§ Source data:
######

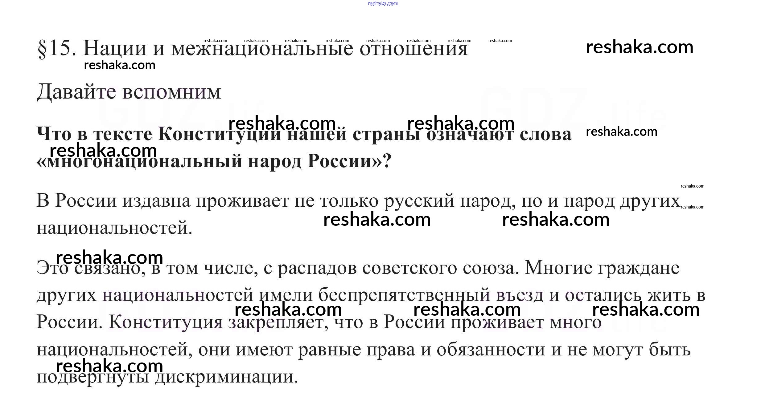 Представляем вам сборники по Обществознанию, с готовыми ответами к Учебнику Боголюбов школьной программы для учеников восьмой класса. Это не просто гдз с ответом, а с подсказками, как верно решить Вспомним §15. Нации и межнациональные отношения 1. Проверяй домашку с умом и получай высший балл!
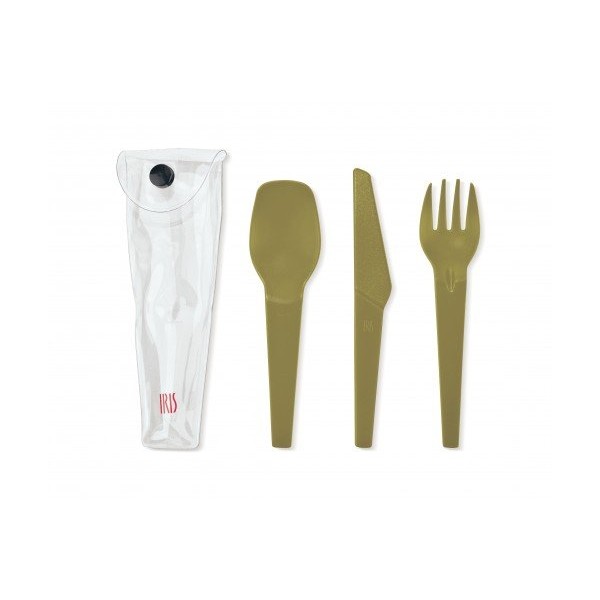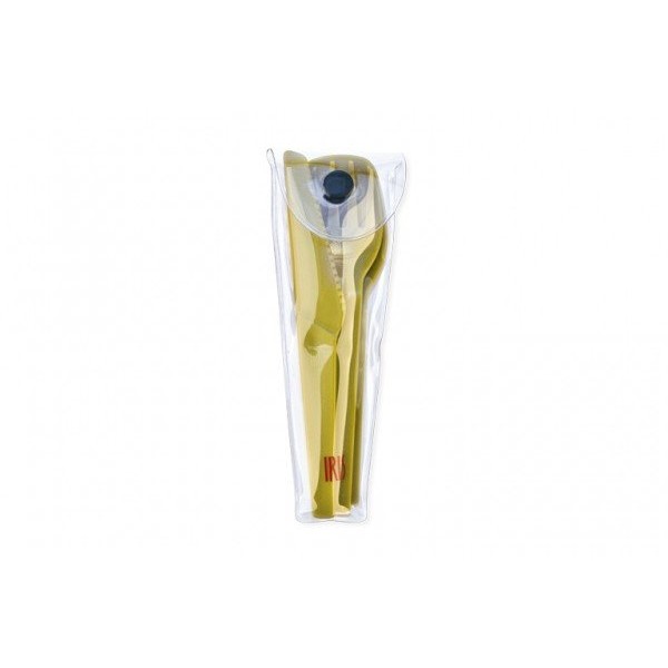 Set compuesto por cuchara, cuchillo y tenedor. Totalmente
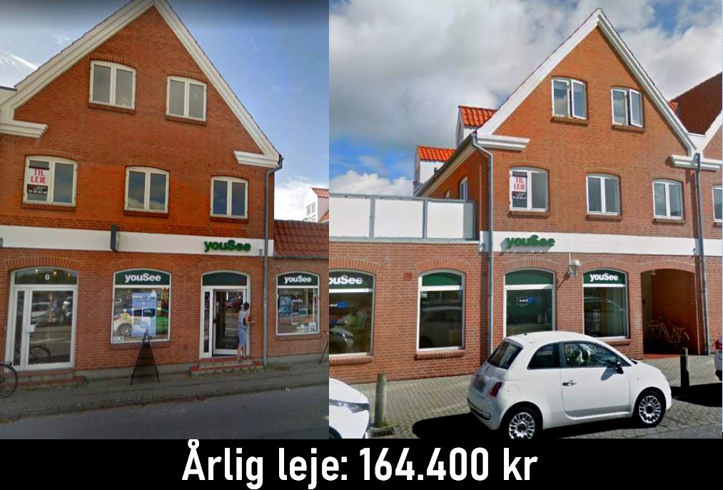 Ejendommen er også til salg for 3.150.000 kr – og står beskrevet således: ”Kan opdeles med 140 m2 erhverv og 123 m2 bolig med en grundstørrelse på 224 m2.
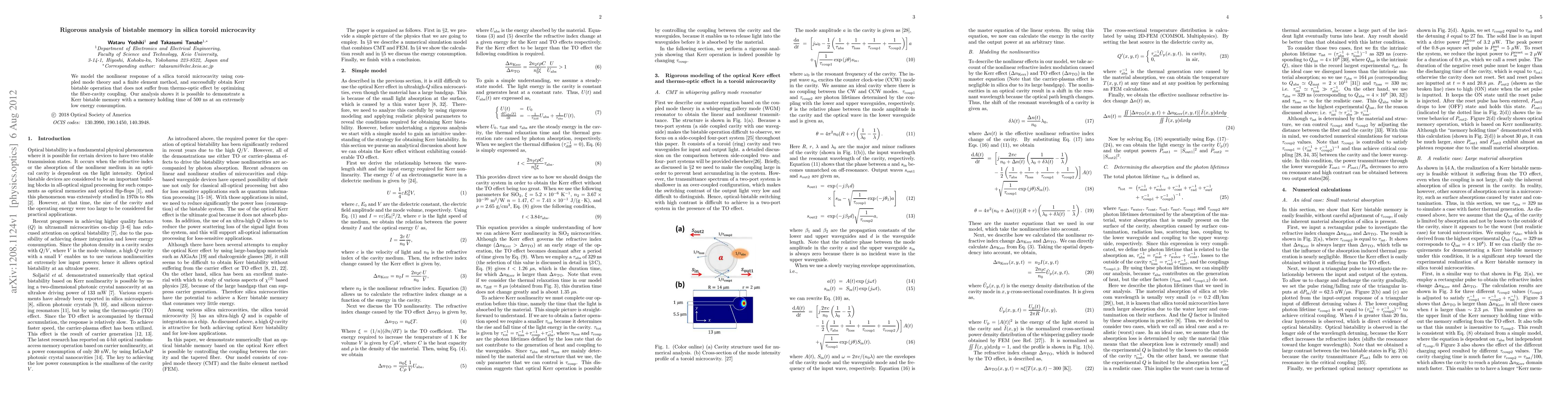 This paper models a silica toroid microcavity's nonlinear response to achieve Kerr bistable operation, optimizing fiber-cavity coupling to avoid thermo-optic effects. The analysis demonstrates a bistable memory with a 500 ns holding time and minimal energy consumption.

######

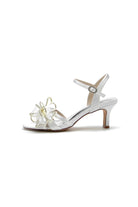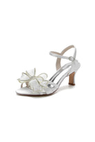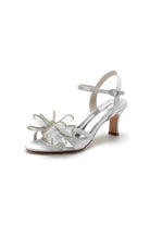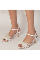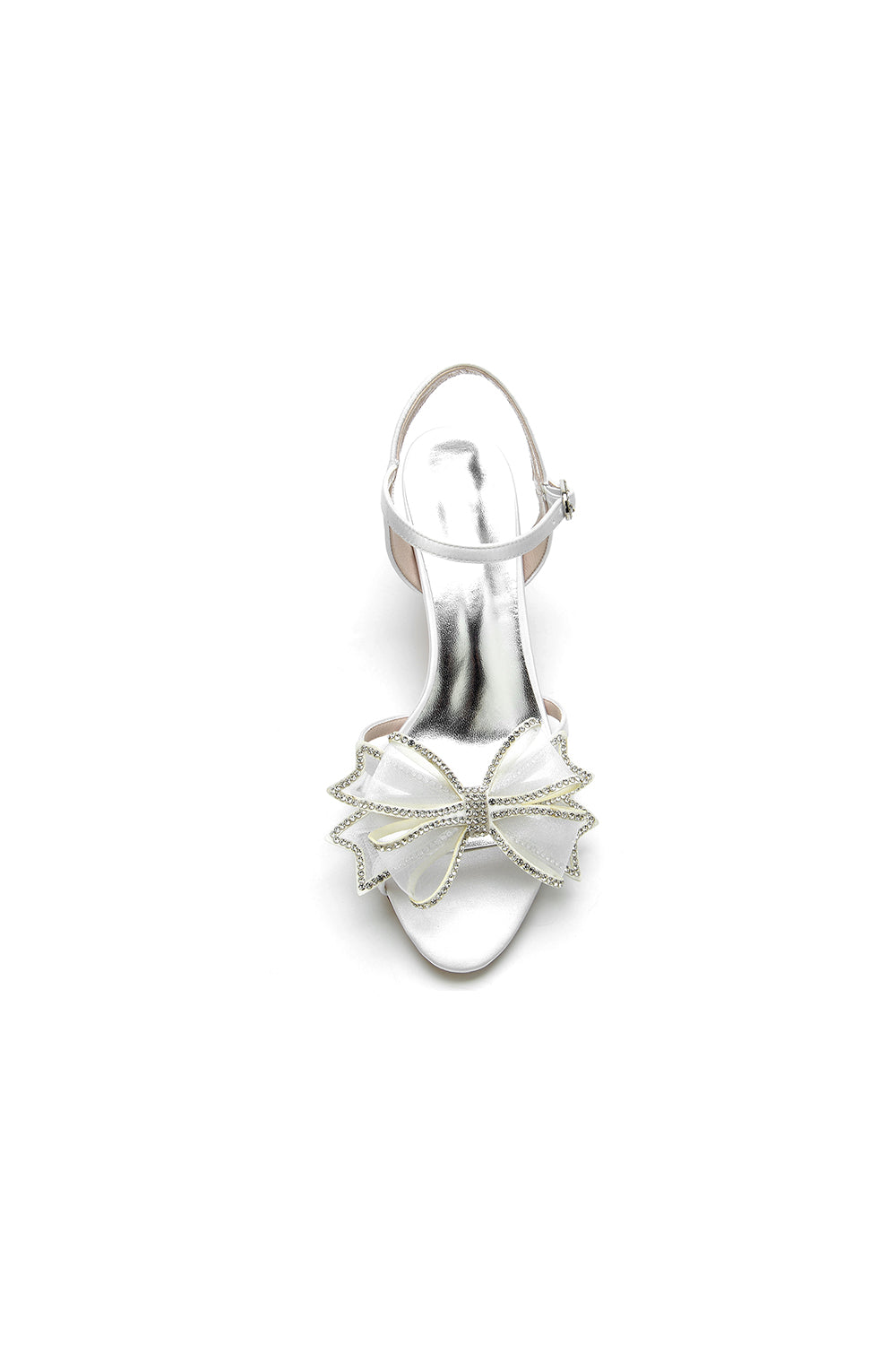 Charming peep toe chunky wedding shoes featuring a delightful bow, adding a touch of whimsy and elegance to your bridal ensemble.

######

§ Task objective: In the records above, everything from the line with "Представляем вам сборники" down to the line with "This paper models" is to be set down exactly, both ends included, with no pictures and no other lines.

§ Solution:
 Представляем вам сборники по Обществознанию, с готовыми ответами к Учебнику Боголюбов школьной программы для учеников восьмой класса. Это не просто гдз с ответом, а с подсказками, как верно решить Вспомним §15. Нации и межнациональные отношения 1. Проверяй домашку с умом и получай высший балл!
 Set compuesto por cuchara, cuchillo y tenedor. Totalmente
 Ejendommen er også til salg for 3.150.000 kr – og står beskrevet således: ”Kan opdeles med 140 m2 erhverv og 123 m2 bolig med en grundstørrelse på 224 m2.
 This paper models a silica toroid microcavity's nonlinear response to achieve Kerr bistable operation, optimizing fiber-cavity coupling to avoid thermo-optic effects. The analysis demonstrates a bistable memory with a 500 ns holding time and minimal energy consumption.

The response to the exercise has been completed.